Währenddessen treffen die Damen der Familie, und wie sich später herausstellt, mit der Polizistin im Schlepptau nach einigen straßenverkehrsbedingten Turbulenzen in der nach einem Großbrand verwaisten Industriekleinstadt Silent Hill ein, in der noch immer unterirdische Feuer brennen sollen. Es kommt, wie es kommen muss: Rose kommt ihre entzückende Tochter abhanden und so startet sie eine Schnitzeljagd durch das albtraumhafte Städtchen, verbündet sich dabei mit der Adabei Cybil, trifft auf allerlei Montrositäten und zuguterletzt auch auf eine Fanatikerpopulation, einer Mischung aus der Stadtbevölkerung in "Dr. Quinn - Ärztin aus Leidenschaft" und der durchaus realexistenten religiösen Rechten der heutigen USA.
Trotz eigentlich anzunehmender Überforderung und Turbulenz weiß die gute Rose aber immer, welches sinnbildliche Knöpfchen sie zu welcher Zeit drücken muss, um den maximalen Nutzen zu erhalten. Zum Handlungsinhalt sei nur noch zu sagen: ein Happy-End im klassischen Sinne gibts nicht, aber einen Kenner der Serie wird der Abschluss des Films nicht überraschen.
Klingt doch eigentlich nicht schlecht, bzw. OMGWTFGEILSEHENMUSS!!!111. Mich jedoch konnte der Film nicht so richtig überzeugen. Zum einen hätte man allen Beteiligten (abgesehen von den Schauspielern, die ihre Rollen durchweg gut gespielt haben) doch mehr an Phantasie zugetraut. Stattdessen hat Drehbuchautor Roger Avary wohl mal das erste Spiel durchgezockt (bzw. durchzocken lassen, hihi) und sich gesagt: "Ey, voll durschjeknallt diese Japsen, det nehm isch! Und damit et nit so auffällt, wurschtel isch mal die Hauptdarsteller durscheinander, harhar."
Und tatsächlich ist der Film in seiner Umsetzung auch wie ein Videospiel geraten, Rose hangelt sich von Level zu Level, trifft in jedem Raum nicht kausal miteinander verbundene Gefahren und Lokalitäten. Da wird schon mal als reine Effekthascherei der von Silent Hill Fans als Superstar vergötterte Pyramid Head, oder wie er im deutschen eigentlich richtig aus dem Japanischen übersetzt heißt: Das Rote Pyramidendings (!), in das Monsterkabinett des Films eingebaut, obwohl dieser eigentlich jeglicher Daseinsgrundlage im Erzählrahmen des ersten Spiels, und somit auch des Films, entbehrt. Auch findet sich die Protagonistin Rose, wie oben schon erwähnt, viel zu schnell in ihre Rolle ein, die merkwürdigsten Hinweise und Phänomene nimmt sie ohne Hinterfragen einfach hin und scheint sowieso ein Diplom in Kombinationsgabe zu besitzen.
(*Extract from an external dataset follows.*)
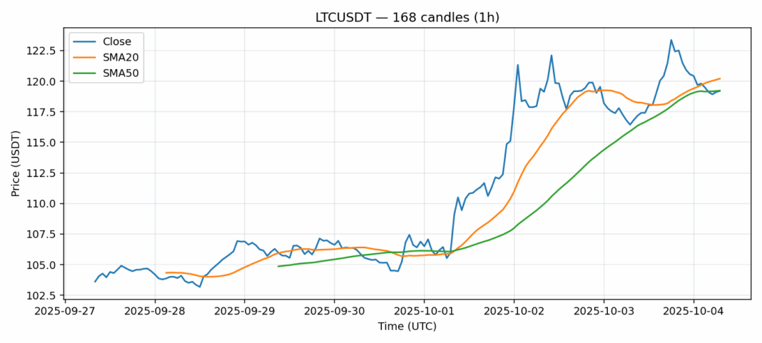 Litecoin — 1h candles, 7D window (SMA20/SMA50, RSI).
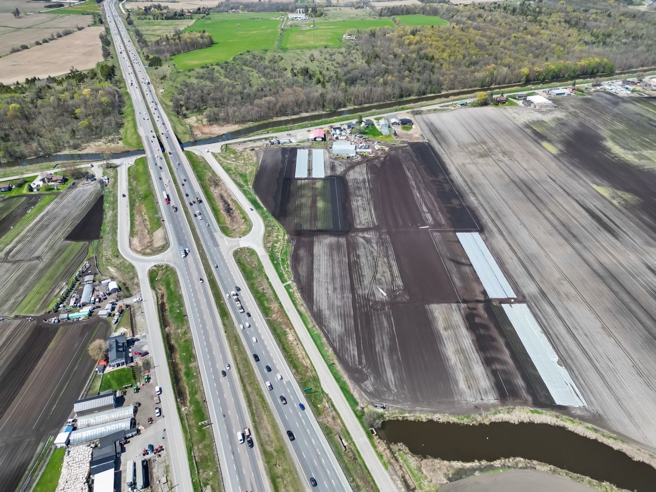 Rare opportunity to purchase approximately 4,500 sq ft of versatile barn space situated on 8. 44 acres withprime exposure at the intersection of highway 400 and canal road. This high-traffic location is just a shortdrive from both toronto and barrie, offering exceptional accessibility and visibility. The barn features highceilings, electricity, water, two furnaces, a wood stove, and a washroom, ideal for a wide range of usesincluding a market, showroom, or storage facility. A covered porch wraps around the building, addingcharm and functionality. The fertile land has supported a variety of crops, including lettuce, beets, carrots,and onions, making it well-suited for continued agricultural use. The property is also zoned for a single-family residential home, offering the potential to build or sever and build, presenting an excellentopportunity for both commercial and residential development.

Auch die handwerkliche Umsetzung zeichnet sich nicht gerade durch Einfallsreichtum aus. Der Soundtrack wurde fast komplett aus den Spielen zusammengeklaut (vorwiegend aus SH2) und relativ unmotiviert über Szenen geklatscht. Die Monster sind alles alte Bekannte aus den Spielen und können jemanden, der auch nur eines der Spiele mal bei einem Bekannten für fünf Minuten gesehen hat, nicht wirklich überraschen.
Und nun zum Positiven: Es ist definitiv kein Uwe-Boll'sches Verbrechen gegen die Menschlichkeit. Es wurden keine Verfolgungsjagden, keine Massenschießereien, keine Matrix-Slomo-Kungfukämpfe eingebaut. Auch fehlen Marines, sogenannte "Professorinnen" und andere Bizarrowelt-AkademikerInnen, deren Promotion aus dem Kauf einer schicken randlosen Brille bei Fielmann besteht. Vom Einblenden abgefilmter Originalspielszenen ganz zu schweigen.
Christophe Gans hat sich leider ZU SEHR an die Vorlagen gehalten, um eben ja nicht solche fürchterlichen Haue zu kriegen, wie sein teutonischer "Kollege". Man sieht, dass Gans und Avary sich wirklich intensiv mit dem Stoff befasst haben, aber dann eben nix neues draus gemacht haben.
Fazit: Für alle, die die Spiele nicht gespielt haben, ist dieser Film durchaus zu empfehlen, zumal es für diese Leute einen Einblick in eine völlig andere Art des Horrors bietet. Jene, die sich in der Welt von Silent Hill auskennen, möchte ich aber auch nicht am Ärmel aus dem Kino zerren, muss aber anbringen, dass sie wenig bis nichts Fesselndes sehen werden, da sie es leider schon eins zu eins als Videospiel gesehen haben.